Anche Emanuele Busconi, candidato al consiglio comunale di Torino per Sinistra Ecologista, ha fatto presente questo problema di recente. «Recarsi ai seggi non può e non deve essere un’esperienza dolorosa o addirittura pericolosa per nessuna persona, e il diritto di voto non deve essere compromesso da possibili fattori discriminatori», ha detto l’attivista LGBT+, «Per questo chiediamo che si superi l’organizzazione delle file ai seggi in base al genere, che espone le persone trans al rischio di un outing pubblico e forzato, e che si opti per il criterio dell’ordine alfabetico».

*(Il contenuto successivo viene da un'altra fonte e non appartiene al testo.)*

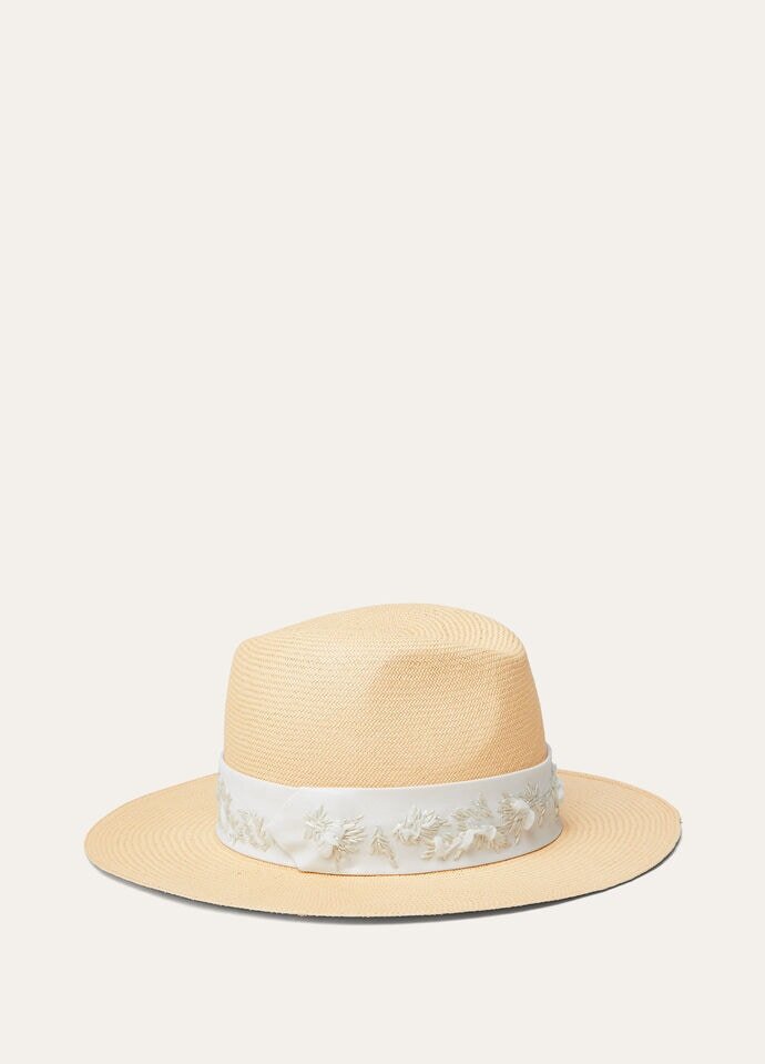 Inspired by the men’s version, the Sergio fedora is modeled on a timeless hat from Sergio Loro Piana’s wardrobe. Here rendered in lightweight Ecuadorian straw, it is made with a distinct and incredibly refined Cuenca weave, with a twill-like pattern and a mere 20 knots per inch. An embroidered ribbon with a romantic floral motif and delicate ramie adorns the top.
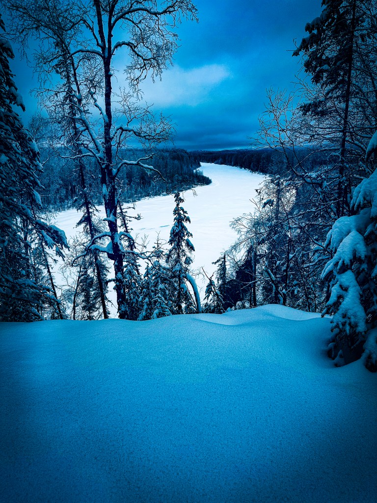 The next day we headed into a new zone, dropping onto a narrower trail that followed the river. At first we passed families out on classic gear, laughing through swoopy turns. We climbed to a high point and enjoyed a fast descent before committing to the river trail proper. Open leads murmured beneath the ice. The trail steepened enough that we sidestepped sections, pushing deeper into country that felt like it might go on forever. I wanted to keep going. The light said otherwise.

Infine, un altro problema non da poco di cui siamo venuti a conoscenza è che molte donne, all’estero come in Italia, hanno visto sulla propria tessera elettorale o sul registro firmatario al seggio elettorale, il cognome del marito. Quindi il loro cognome “in” cognome del marito, e nel 2021 è una cosa inaccettabile perché è un tentativo di minimizzare l’importanza della donna, che diviene una proprietà dell’uomo che sposa, nella società.

Perché questa decisione retrograda? In realtà neanche tanto. Nel senso che la legge a cui fa riferimento è del 1999, quindi non del 1945, non della metà del secolo scorso in cui le donne stavano ancora lottando per l’indipendenza. È una legge di 20 anni fa. Secondo l’articolo 2 del Decreto del Presidente della Repubblica dell’8 settembre 2000 n. 299, sulle modalità di rilascio, aggiornamento e rinnovo della tessera elettorale personale a carattere permanente, a norma dell’articolo 13 della legge del 30 aprile 1999, n. 120, «per le donne coniugate il cognome può essere seguito da quello del marito». Direi che è tempo di andare avanti, che ne dite?